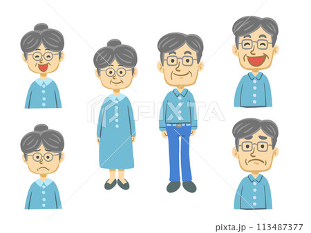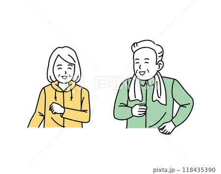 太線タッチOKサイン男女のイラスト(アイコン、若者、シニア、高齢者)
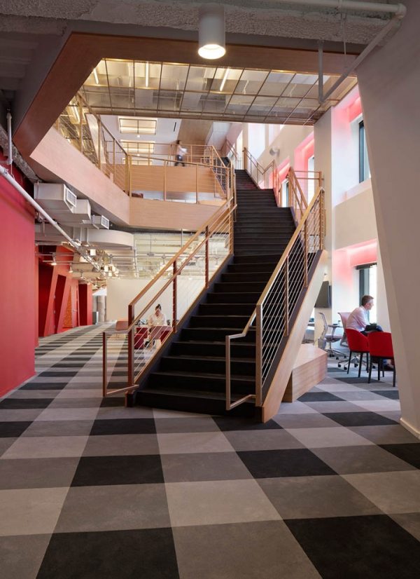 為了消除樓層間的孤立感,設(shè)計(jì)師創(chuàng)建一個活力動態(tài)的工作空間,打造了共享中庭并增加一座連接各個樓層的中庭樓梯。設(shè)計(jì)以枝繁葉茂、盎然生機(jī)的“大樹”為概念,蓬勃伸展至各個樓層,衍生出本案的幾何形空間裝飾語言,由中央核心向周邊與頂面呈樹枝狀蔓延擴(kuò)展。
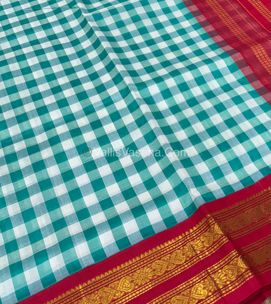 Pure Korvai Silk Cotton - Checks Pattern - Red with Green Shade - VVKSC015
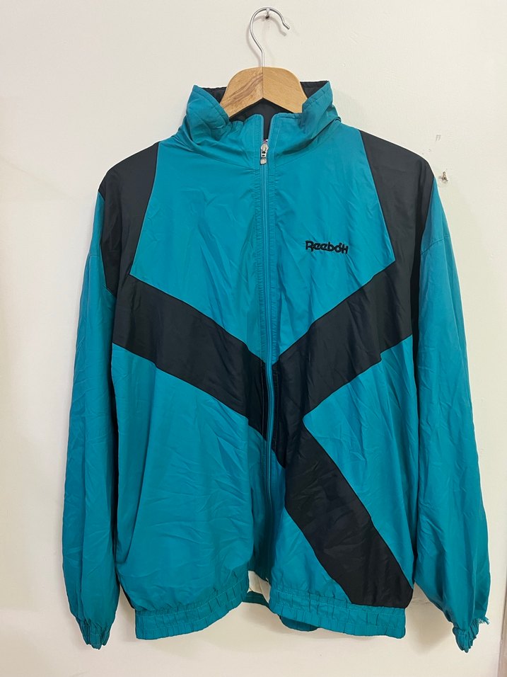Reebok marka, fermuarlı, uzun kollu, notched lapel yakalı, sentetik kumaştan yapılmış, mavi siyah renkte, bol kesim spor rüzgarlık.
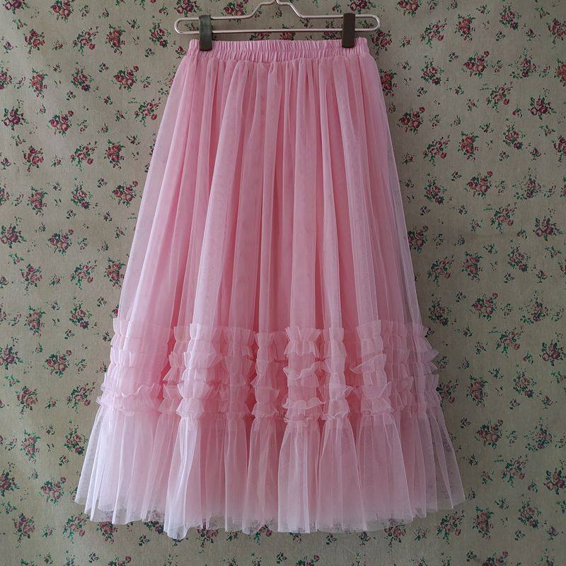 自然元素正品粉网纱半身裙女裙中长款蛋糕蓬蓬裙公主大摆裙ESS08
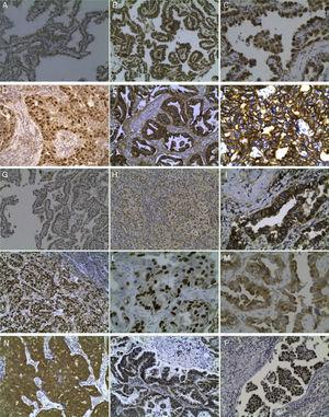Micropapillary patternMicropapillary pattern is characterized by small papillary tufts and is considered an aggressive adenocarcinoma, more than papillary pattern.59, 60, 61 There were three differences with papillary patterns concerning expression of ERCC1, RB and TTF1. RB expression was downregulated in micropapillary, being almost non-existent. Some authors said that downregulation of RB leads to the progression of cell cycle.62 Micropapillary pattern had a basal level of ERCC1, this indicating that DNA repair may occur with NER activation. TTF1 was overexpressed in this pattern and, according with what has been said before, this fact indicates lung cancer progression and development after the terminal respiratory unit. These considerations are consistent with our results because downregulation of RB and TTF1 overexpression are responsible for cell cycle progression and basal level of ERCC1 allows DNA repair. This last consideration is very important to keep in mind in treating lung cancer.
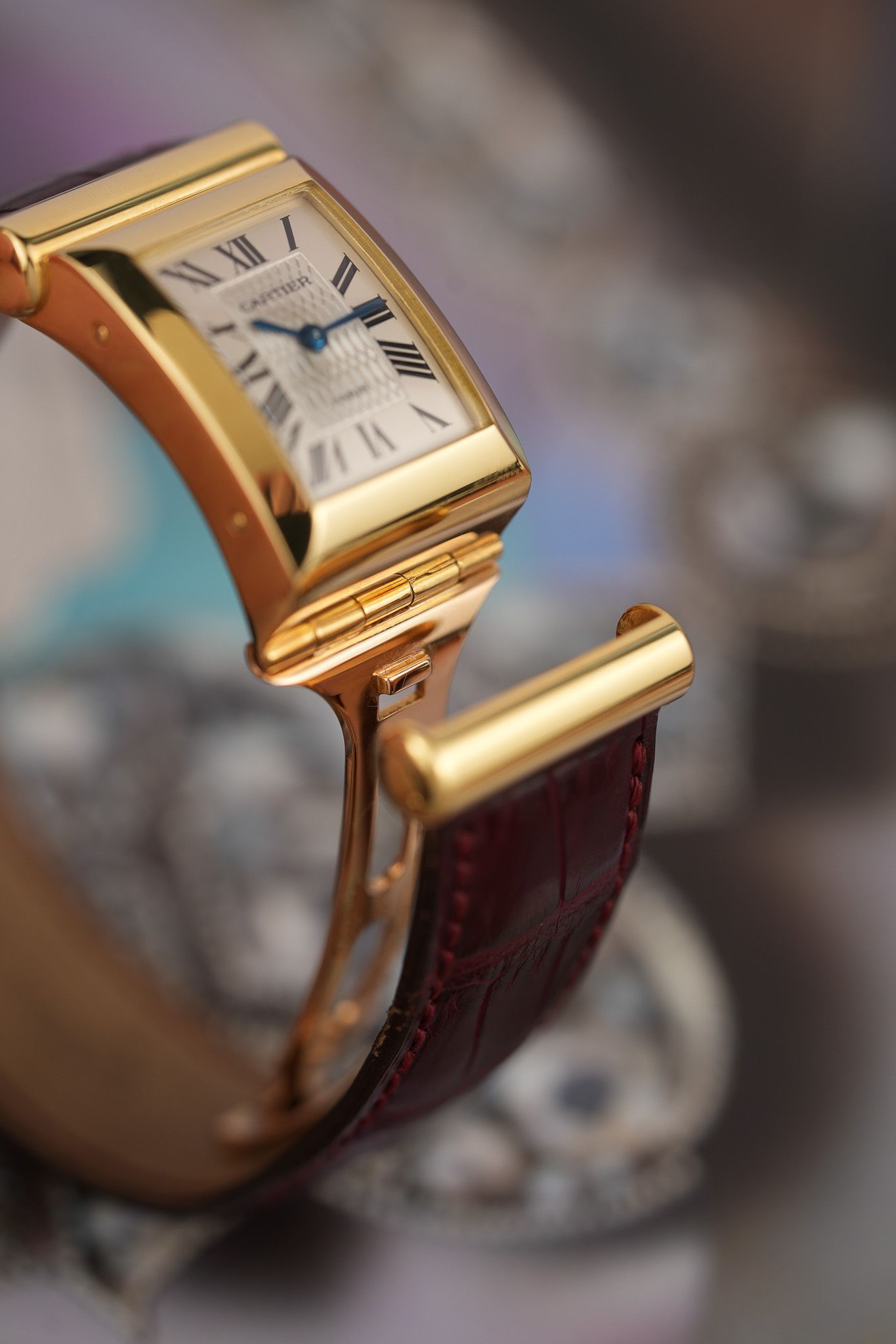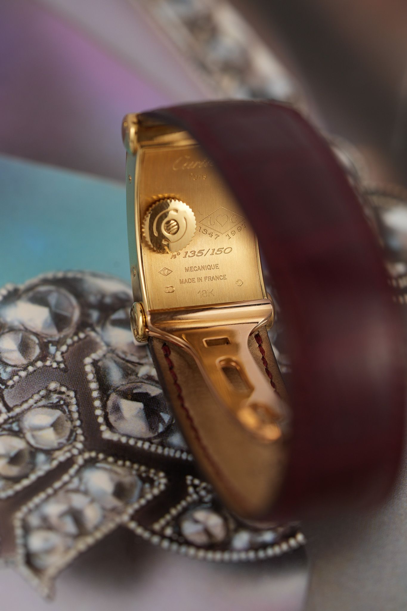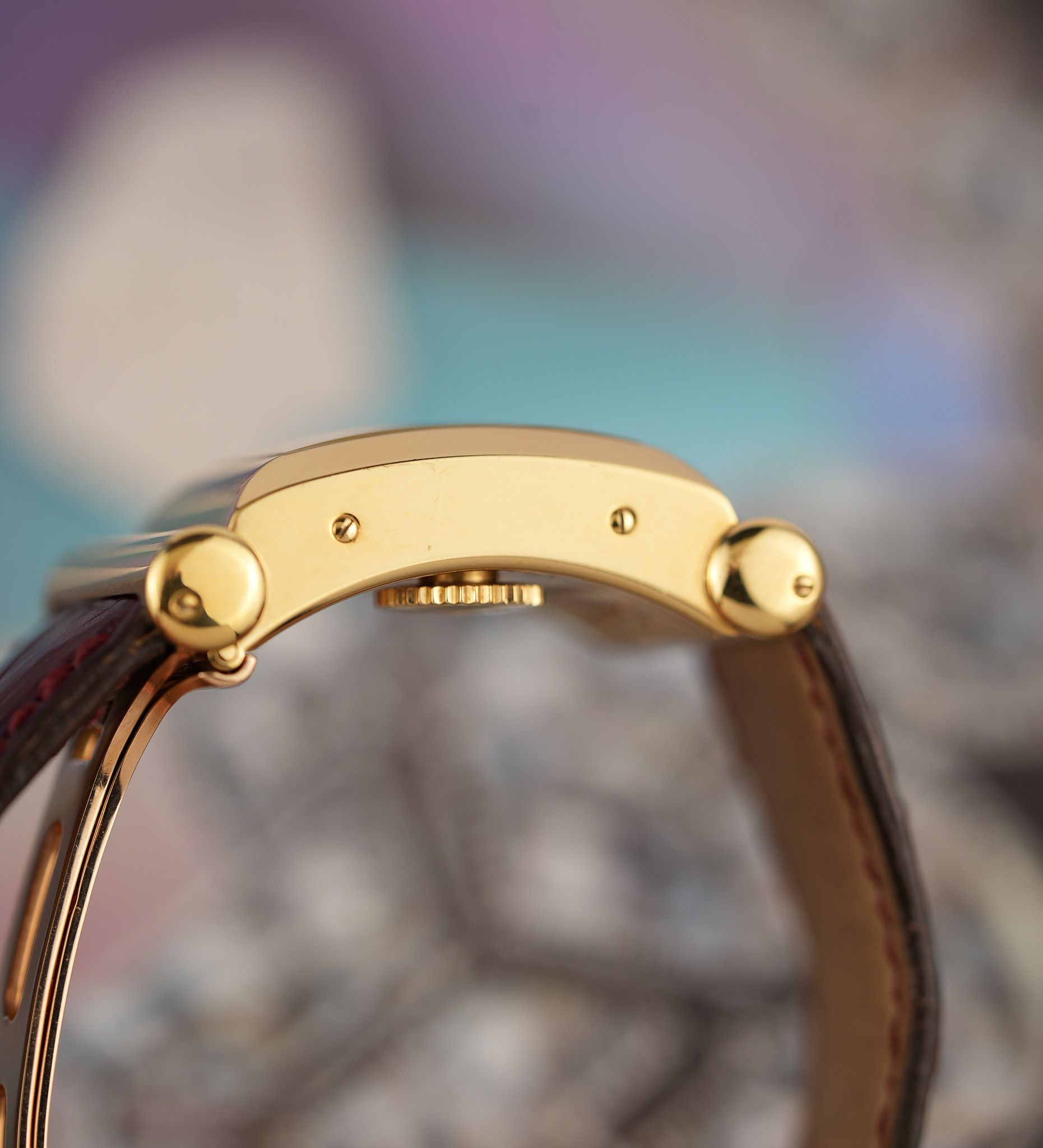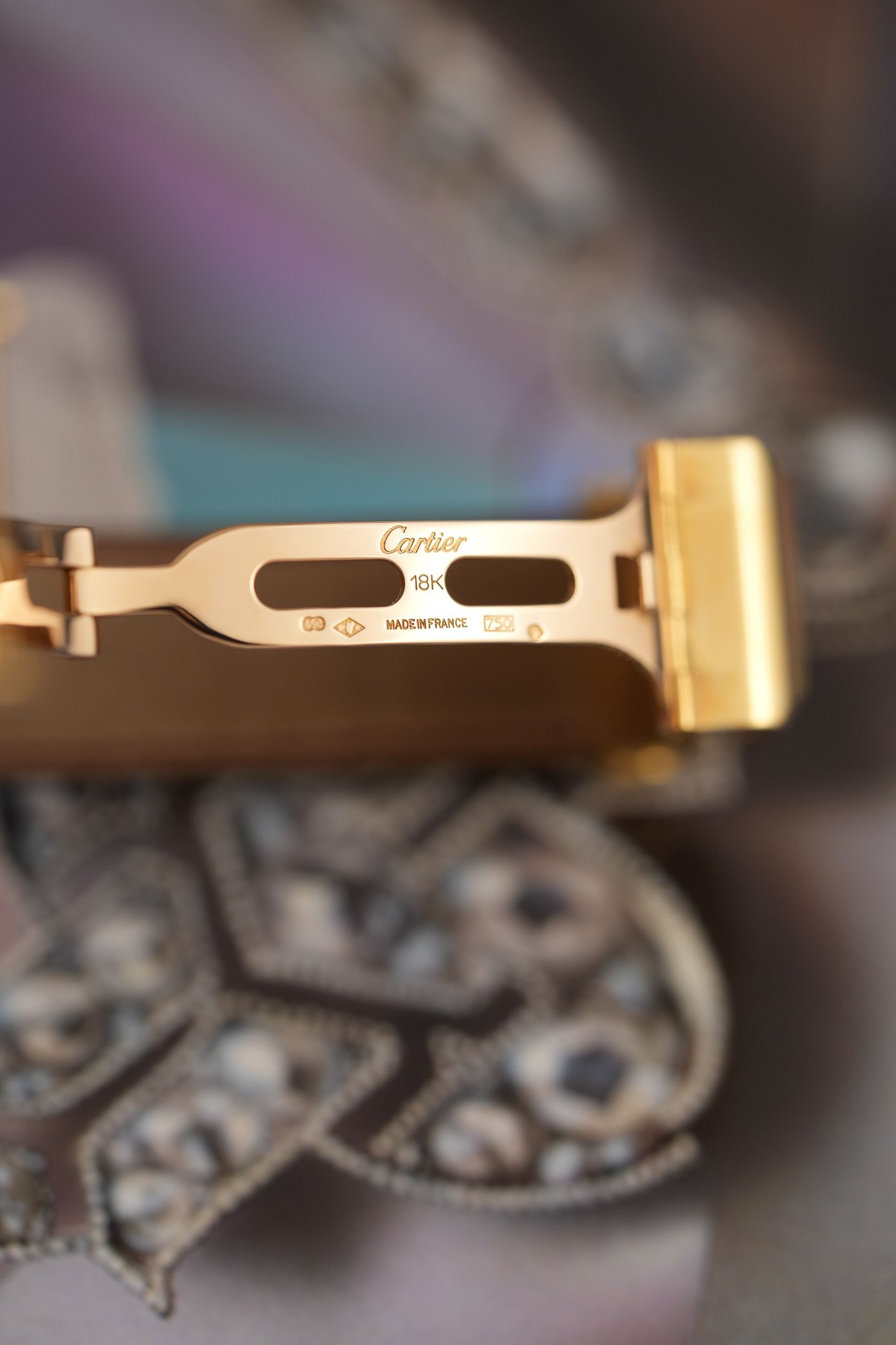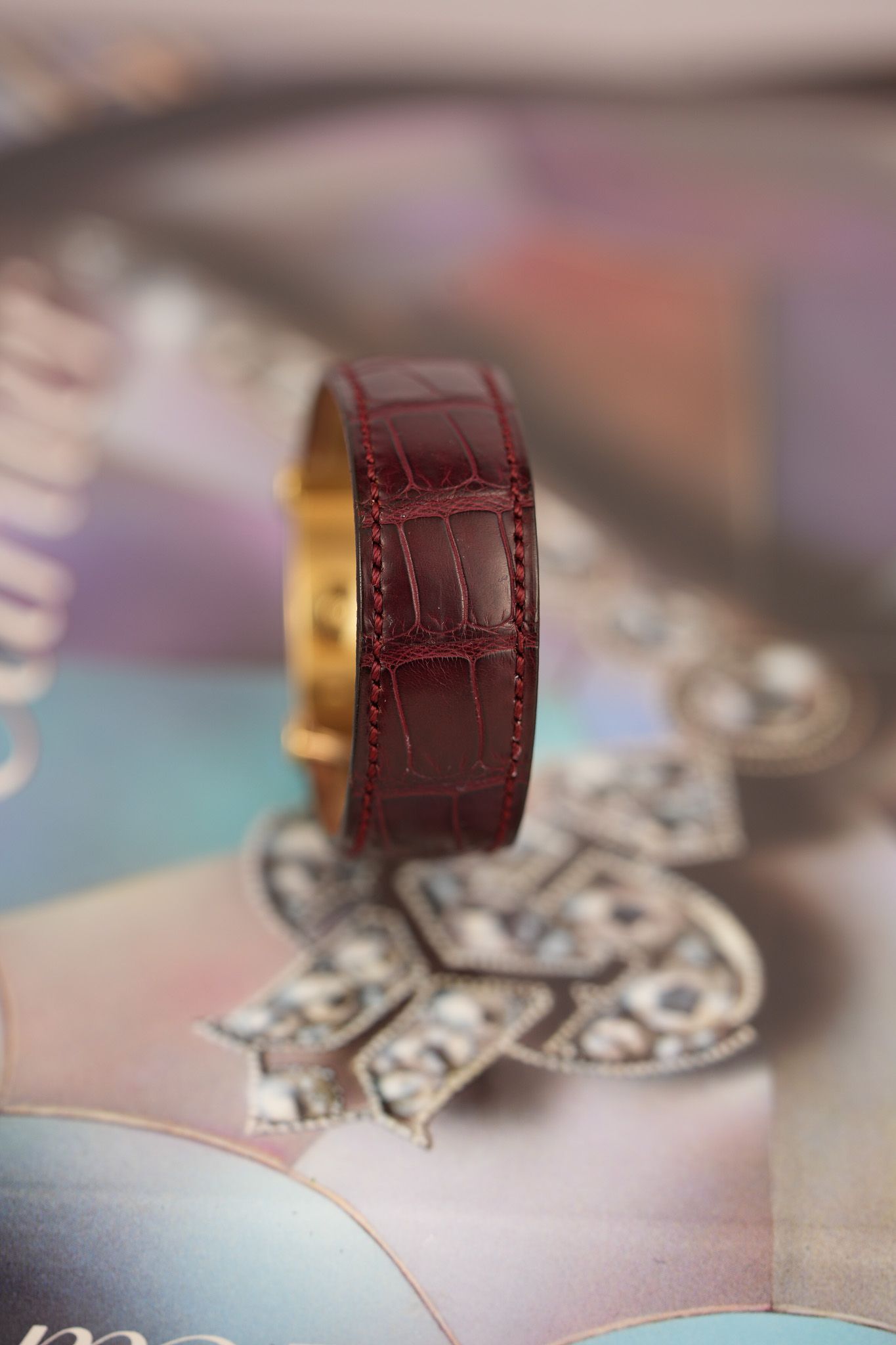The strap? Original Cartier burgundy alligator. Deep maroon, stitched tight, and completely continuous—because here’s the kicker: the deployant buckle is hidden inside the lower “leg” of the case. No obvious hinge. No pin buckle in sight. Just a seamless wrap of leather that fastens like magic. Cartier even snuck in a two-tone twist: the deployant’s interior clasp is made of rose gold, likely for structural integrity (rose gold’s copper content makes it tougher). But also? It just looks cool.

-*-*-

- **INSTRUCTIONS FOR THE TASK**:
A faithful copy of every record is required, with no pictures included.

- **FINISHED EXERCISE**:
 太線タッチOKサイン男女のイラスト(アイコン、若者、シニア、高齢者)
 為了消除樓層間的孤立感,設(shè)計(jì)師創(chuàng)建一個活力動態(tài)的工作空間,打造了共享中庭并增加一座連接各個樓層的中庭樓梯。設(shè)計(jì)以枝繁葉茂、盎然生機(jī)的“大樹”為概念,蓬勃伸展至各個樓層,衍生出本案的幾何形空間裝飾語言,由中央核心向周邊與頂面呈樹枝狀蔓延擴(kuò)展。
 Pure Korvai Silk Cotton - Checks Pattern - Red with Green Shade - VVKSC015
Reebok marka, fermuarlı, uzun kollu, notched lapel yakalı, sentetik kumaştan yapılmış, mavi siyah renkte, bol kesim spor rüzgarlık.
 自然元素正品粉网纱半身裙女裙中长款蛋糕蓬蓬裙公主大摆裙ESS08
Micropapillary patternMicropapillary pattern is characterized by small papillary tufts and is considered an aggressive adenocarcinoma, more than papillary pattern.59, 60, 61 There were three differences with papillary patterns concerning expression of ERCC1, RB and TTF1. RB expression was downregulated in micropapillary, being almost non-existent. Some authors said that downregulation of RB leads to the progression of cell cycle.62 Micropapillary pattern had a basal level of ERCC1, this indicating that DNA repair may occur with NER activation. TTF1 was overexpressed in this pattern and, according with what has been said before, this fact indicates lung cancer progression and development after the terminal respiratory unit. These considerations are consistent with our results because downregulation of RB and TTF1 overexpression are responsible for cell cycle progression and basal level of ERCC1 allows DNA repair. This last consideration is very important to keep in mind in treating lung cancer.
The strap? Original Cartier burgundy alligator. Deep maroon, stitched tight, and completely continuous—because here’s the kicker: the deployant buckle is hidden inside the lower “leg” of the case. No obvious hinge. No pin buckle in sight. Just a seamless wrap of leather that fastens like magic. Cartier even snuck in a two-tone twist: the deployant’s interior clasp is made of rose gold, likely for structural integrity (rose gold’s copper content makes it tougher). But also? It just looks cool.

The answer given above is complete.